Das Urban Institute schätzt, dass zwischen 2000 und 2006 rund 137.000 Menschen vorzeitig gestorben sind, weil sie keine Gesundheitsvorsorge hatten. Angesichts solcher Zahlen ist die Unpopularität der Gesundheitsreform doch vor allem ein Kommunikationsdesaster des Präsidenten.

Niemand musste bis jetzt ohne Behandlung bleiben, das Argument ist daher falsch. Aber es handelt sich tatsächlich auch um ein Kommunikationsdesaster. Obama war ein guter Kommunikator im Wahlkampf, aber er ist ein schrecklicher als Präsident. Er kommuniziert seine Regierungspolitik entweder technisch - oder er verfällt in die Wahlkampf-Sprache. Das ermüdet die Menschen.

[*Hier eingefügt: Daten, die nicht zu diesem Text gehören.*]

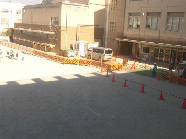 よく晴れた一日となりました。今日は強い風がなかったので、日なたは暖かく、体育の時間に寒さで身を震わせるということはなかったようです。先週からの昇降口付近の改修工事が続いています。工事エリアを区切り、校庭での体育はできるように場所を確保しています。時間によっては3クラスくらいが同時間に授業を行っています。体育館も床工事を行っています。工事が終了して使いやすい校庭、体育館になる日が待ち遠しいですね。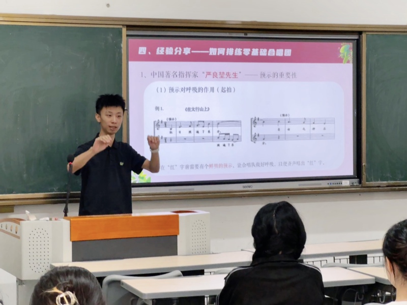 参与全校教职工小组合唱指导实践的研究生通过合唱视频展示,分享了自己合唱指导实践的心得体会。

Die Gesundheitsreform spaltet das Land, politisch auch das Patt zwischen Kongress und dem Weißen Haus, dann ist da noch die Tea Party. War Amerika eigentlich jemals so polarisiert seit Ende des Bürgerkriegs?

Ja, wir werden regelmäßig polarisiert - und zwar immer dann wenn der Unterschied zwischen den am besten und am schlechtesten Verdienenden besonders groß ist. Auch vor dem Bürgerkrieg waren wir aus wirtschaftlichen Gründen extrem polarisiert: Trotz Sklavenhaltung konnte der Süden nicht mehr mit dem durch die Industrialisierung besser ausgerüsteten Norden konkurrieren. Was wir heute sehen, ist in Teilen mit der Großen Depression in den Dreißigern vergleichbar: Wie damals haben wir auch heute sehr reiche Menschen wie Investoren und Top-Banker, während die Kaufkraft des Durchschnittsbürgers abnimmt. Die Unterschiede zwischen Arm und Reich waren seit damals nicht mehr so extrem wie heute.

Haben Sie dafür eine Erklärung?

In den Dreißigern waren die Armen vor allem Bauern oder kleine Unternehmer, heute sind es vor allem Einwanderer. Zum ersten Mal kommen Einwanderer, vor allem Hispanics, die gar nicht planen zu bleiben und ihr Einkommen nach Hause überweisen, wo immer das auch ist. Rechnet man diese Einwanderer weg, sind die Unterschiede nicht so extrem wie in den Dreißigern.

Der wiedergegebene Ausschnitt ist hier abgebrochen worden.